Repeat the listing below exactly. Pictures do not belong in the copy.

[Data section]
Segment Open

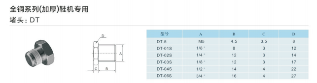 SMC型全銅系列(加厚)鞋機專用DT-M5,DT-1/8,DT-1/4,DT-3/8,DT-1/2,DT-3/4,DT-1寸,
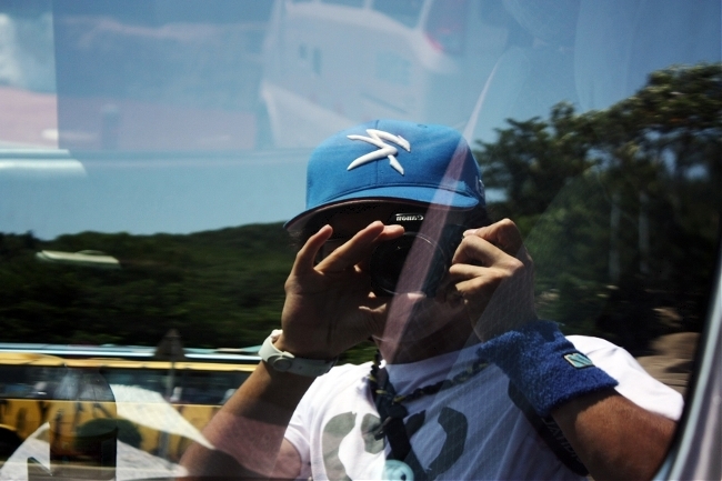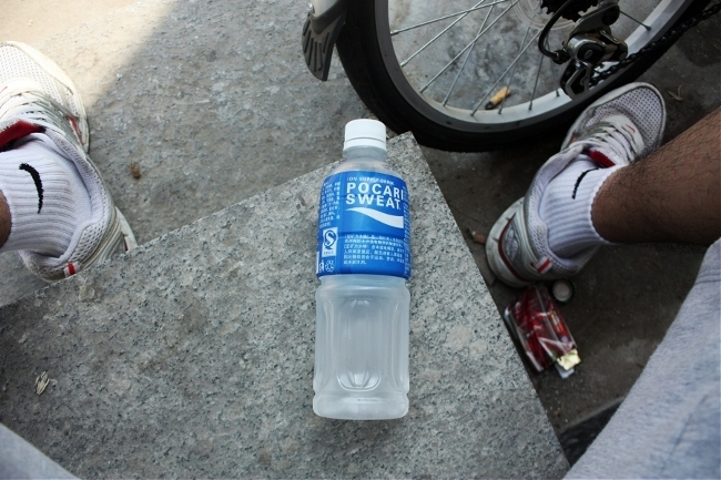 근처 테스코(마트)에서 구입한 15위엔짜리 티셔츠, 흐르는 땀을 닦을 야구아대, 그리고 오토포커스 고장난 번들렌즈를 낀 450D
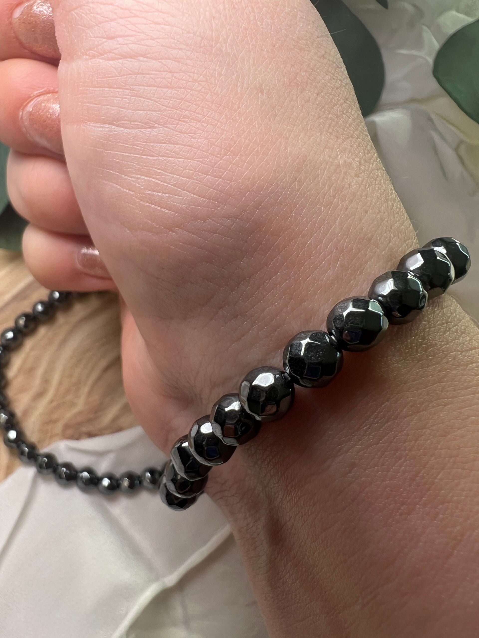 Der Hämatit ist ein kraftvoller Stein der Erdung und Klarheit. Mit seinem metallisch schimmernden Grau steht er für Standfestigkeit, Schutz und innere Balance. Dieses Armband unterstützt dich dabei, dich zu zentrieren und deine Energie bewusst bei dir zu behalten.
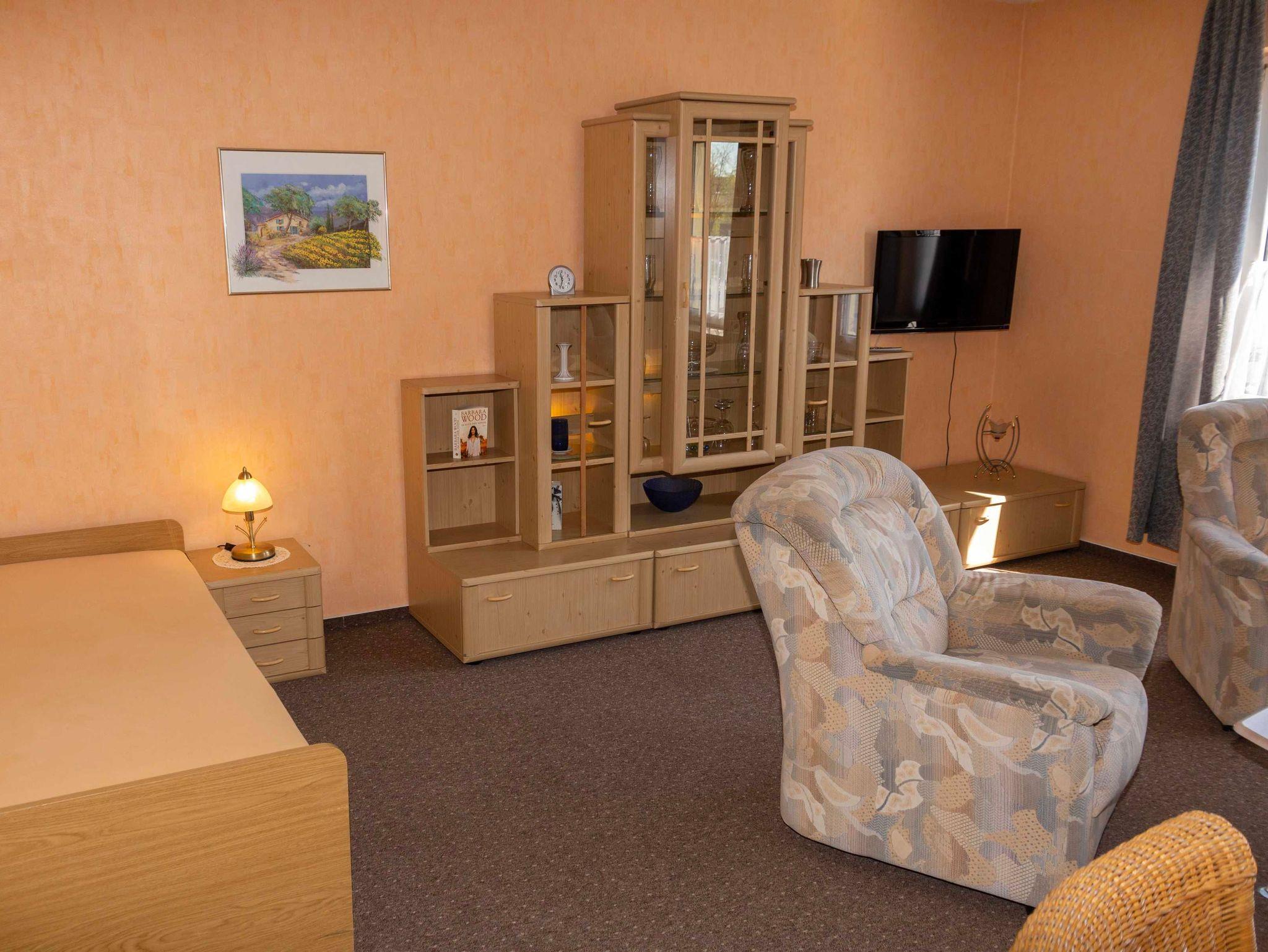 Im großen Wohnzimmer befinden sich neben der gemütlichen Sitzecke eine feste Schlafmöglichkeit (Einzelbett).

Segment Closed

[Problem solution]
 SMC型全銅系列(加厚)鞋機專用DT-M5,DT-1/8,DT-1/4,DT-3/8,DT-1/2,DT-3/4,DT-1寸,
 근처 테스코(마트)에서 구입한 15위엔짜리 티셔츠, 흐르는 땀을 닦을 야구아대, 그리고 오토포커스 고장난 번들렌즈를 낀 450D
 Der Hämatit ist ein kraftvoller Stein der Erdung und Klarheit. Mit seinem metallisch schimmernden Grau steht er für Standfestigkeit, Schutz und innere Balance. Dieses Armband unterstützt dich dabei, dich zu zentrieren und deine Energie bewusst bei dir zu behalten.
 Im großen Wohnzimmer befinden sich neben der gemütlichen Sitzecke eine feste Schlafmöglichkeit (Einzelbett).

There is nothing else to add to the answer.